__Work order__
Print the lines below from the line with "Pair of crystal" to the line with "0,12 kg CO2" exactly, keeping both ends, and print no pictures.

__Given data__

● ● ● ● ●

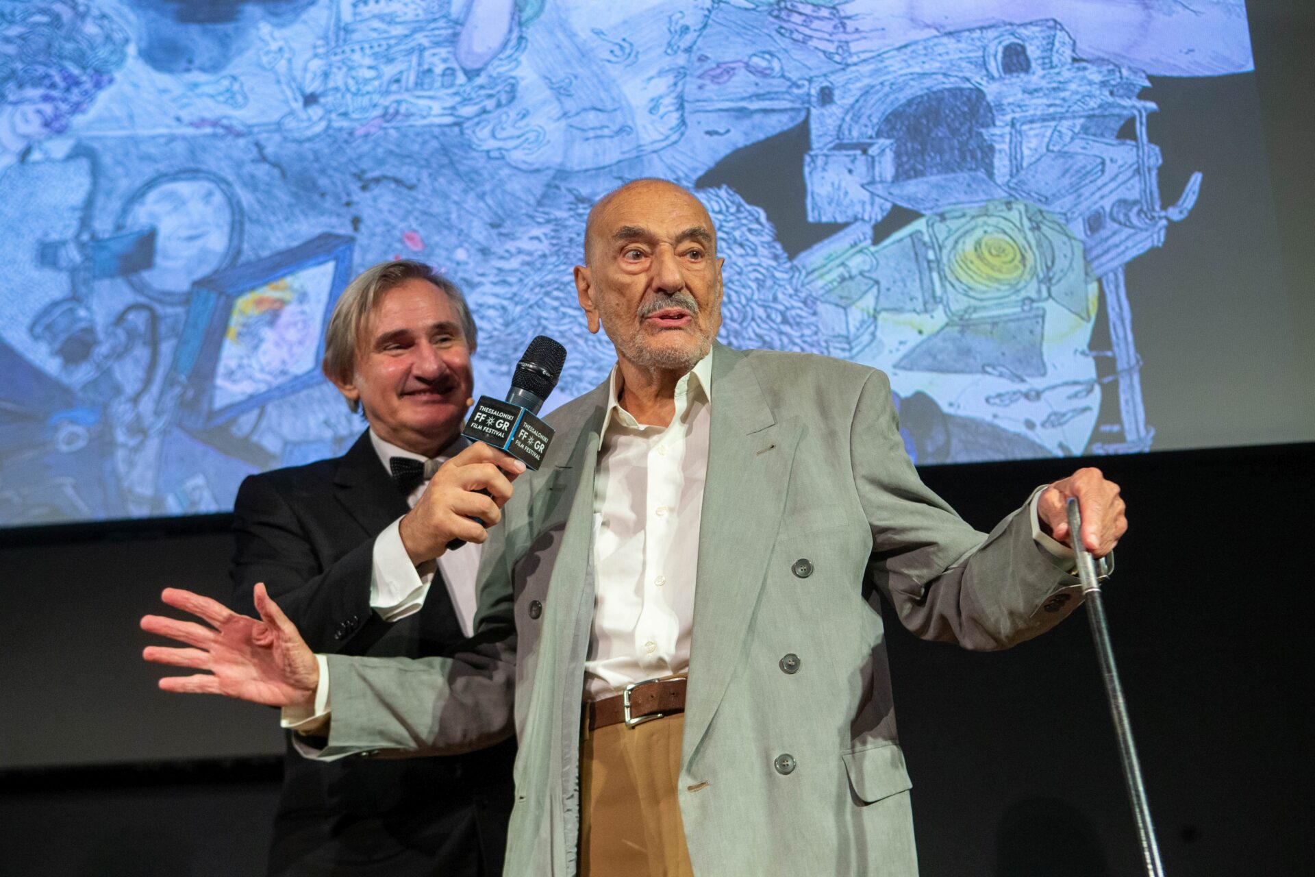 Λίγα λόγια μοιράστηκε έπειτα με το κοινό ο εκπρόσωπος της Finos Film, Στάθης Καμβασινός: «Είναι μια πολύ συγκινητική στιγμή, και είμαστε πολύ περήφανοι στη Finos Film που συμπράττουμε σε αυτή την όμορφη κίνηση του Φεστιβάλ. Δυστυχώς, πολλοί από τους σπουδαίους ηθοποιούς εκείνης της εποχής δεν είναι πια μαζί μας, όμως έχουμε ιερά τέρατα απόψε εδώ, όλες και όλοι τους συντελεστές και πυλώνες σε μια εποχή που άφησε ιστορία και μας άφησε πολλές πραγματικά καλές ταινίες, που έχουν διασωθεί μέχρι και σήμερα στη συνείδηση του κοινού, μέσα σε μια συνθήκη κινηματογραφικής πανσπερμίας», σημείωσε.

● ● ● ● ●

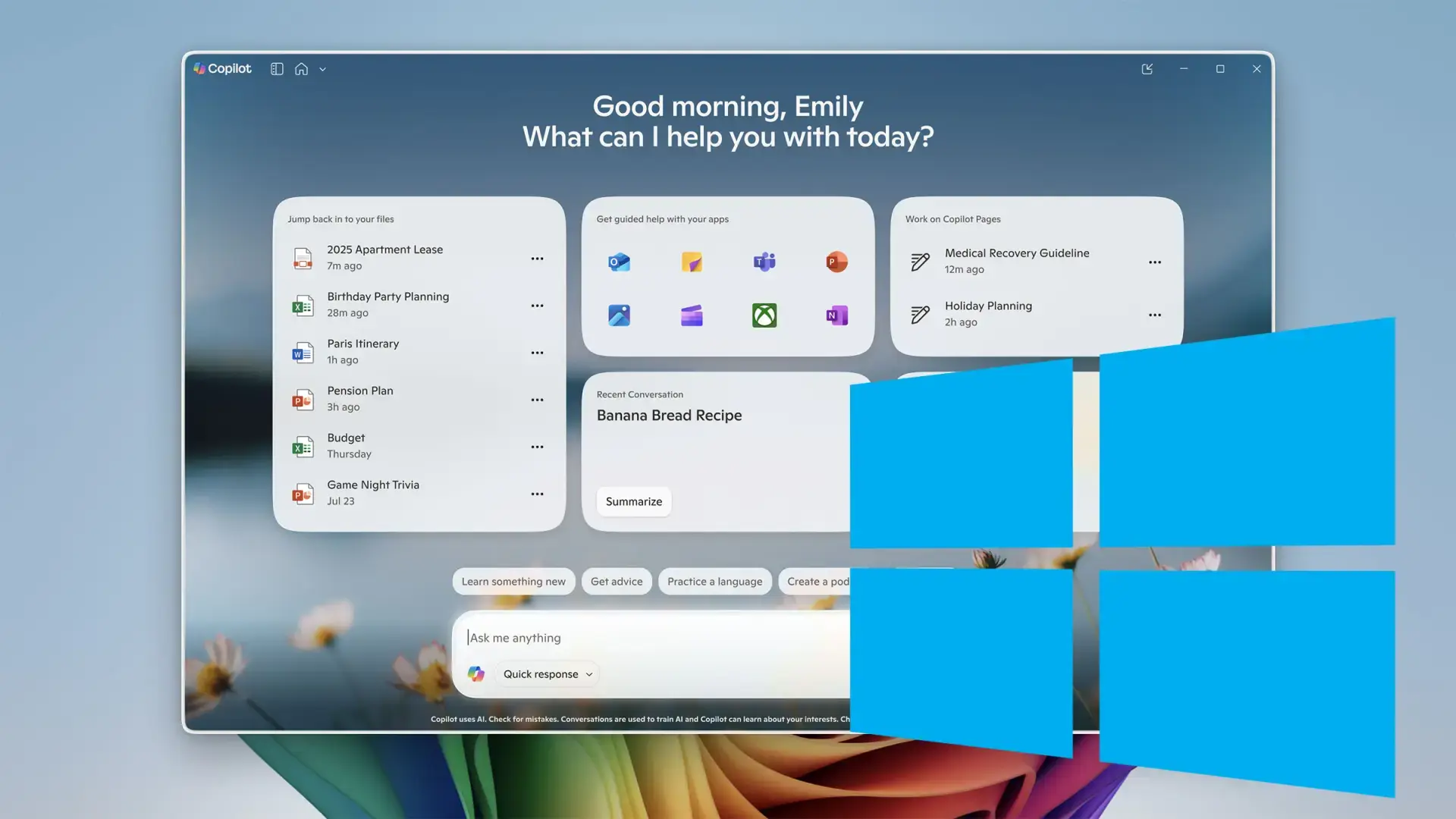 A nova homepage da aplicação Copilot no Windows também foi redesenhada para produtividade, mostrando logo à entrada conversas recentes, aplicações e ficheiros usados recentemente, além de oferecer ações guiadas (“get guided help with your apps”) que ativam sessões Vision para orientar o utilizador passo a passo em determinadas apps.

● ● ● ● ●

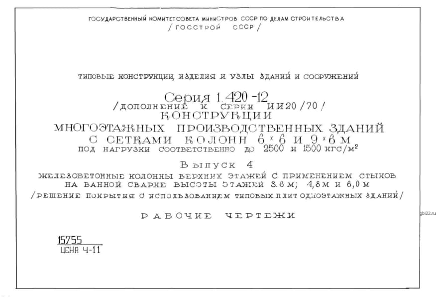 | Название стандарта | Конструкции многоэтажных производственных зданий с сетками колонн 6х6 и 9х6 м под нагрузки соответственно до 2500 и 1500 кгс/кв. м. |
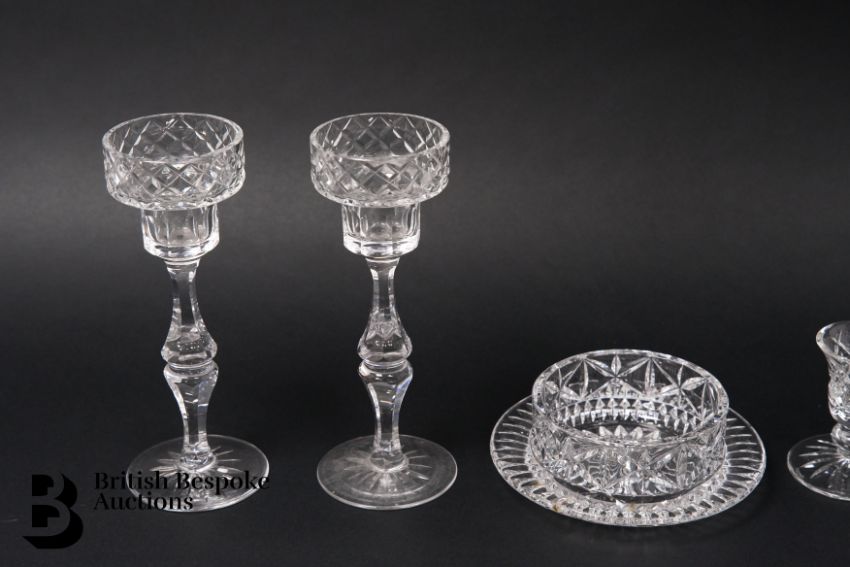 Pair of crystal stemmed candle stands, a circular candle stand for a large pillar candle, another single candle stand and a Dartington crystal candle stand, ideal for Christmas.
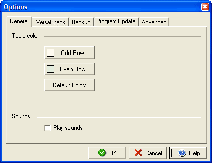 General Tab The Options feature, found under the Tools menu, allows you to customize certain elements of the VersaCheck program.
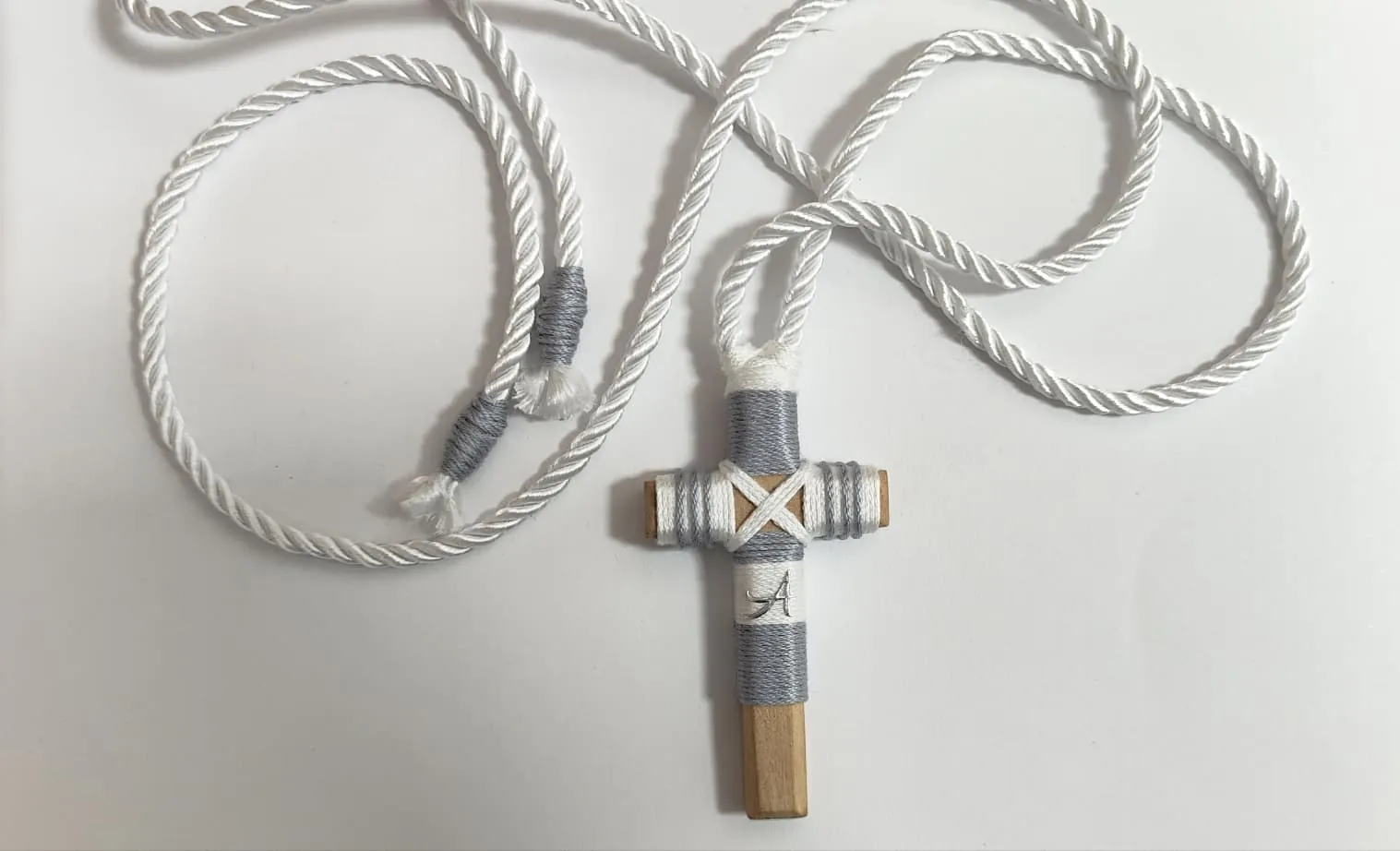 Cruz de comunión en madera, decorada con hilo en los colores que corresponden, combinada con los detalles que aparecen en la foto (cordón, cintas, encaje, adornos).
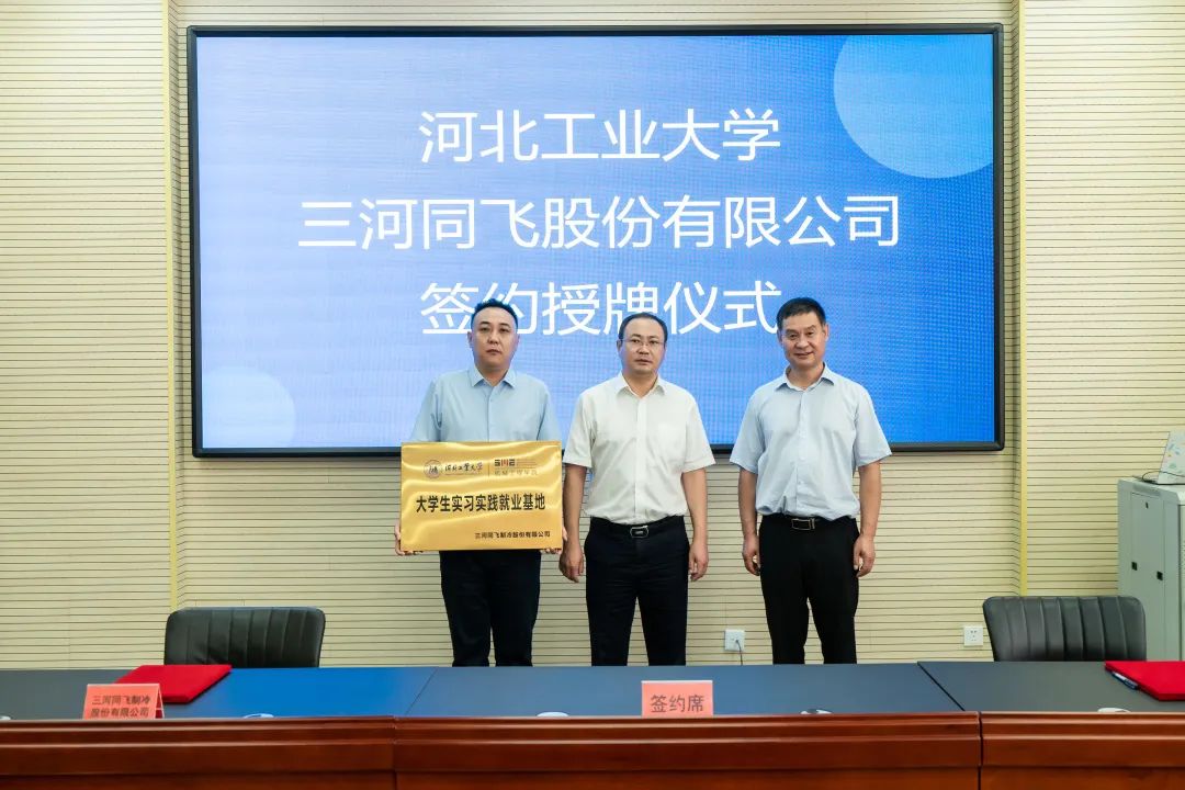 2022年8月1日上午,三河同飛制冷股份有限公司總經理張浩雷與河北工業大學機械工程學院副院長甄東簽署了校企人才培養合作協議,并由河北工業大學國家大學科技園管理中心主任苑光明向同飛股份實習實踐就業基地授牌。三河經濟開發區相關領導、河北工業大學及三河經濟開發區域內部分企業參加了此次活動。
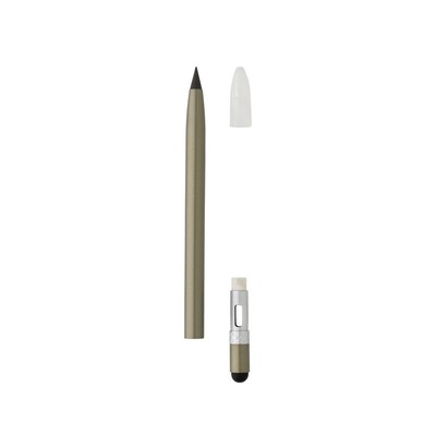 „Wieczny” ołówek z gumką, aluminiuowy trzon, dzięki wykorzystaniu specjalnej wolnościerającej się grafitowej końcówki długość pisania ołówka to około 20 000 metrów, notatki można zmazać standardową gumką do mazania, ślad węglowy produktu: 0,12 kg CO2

● ● ● ● ●

__Answer__
 Pair of crystal stemmed candle stands, a circular candle stand for a large pillar candle, another single candle stand and a Dartington crystal candle stand, ideal for Christmas.
 General Tab The Options feature, found under the Tools menu, allows you to customize certain elements of the VersaCheck program.
 Cruz de comunión en madera, decorada con hilo en los colores que corresponden, combinada con los detalles que aparecen en la foto (cordón, cintas, encaje, adornos).
 2022年8月1日上午,三河同飛制冷股份有限公司總經理張浩雷與河北工業大學機械工程學院副院長甄東簽署了校企人才培養合作協議,并由河北工業大學國家大學科技園管理中心主任苑光明向同飛股份實習實踐就業基地授牌。三河經濟開發區相關領導、河北工業大學及三河經濟開發區域內部分企業參加了此次活動。
 „Wieczny” ołówek z gumką, aluminiuowy trzon, dzięki wykorzystaniu specjalnej wolnościerającej się grafitowej końcówki długość pisania ołówka to około 20 000 metrów, notatki można zmazać standardową gumką do mazania, ślad węglowy produktu: 0,12 kg CO2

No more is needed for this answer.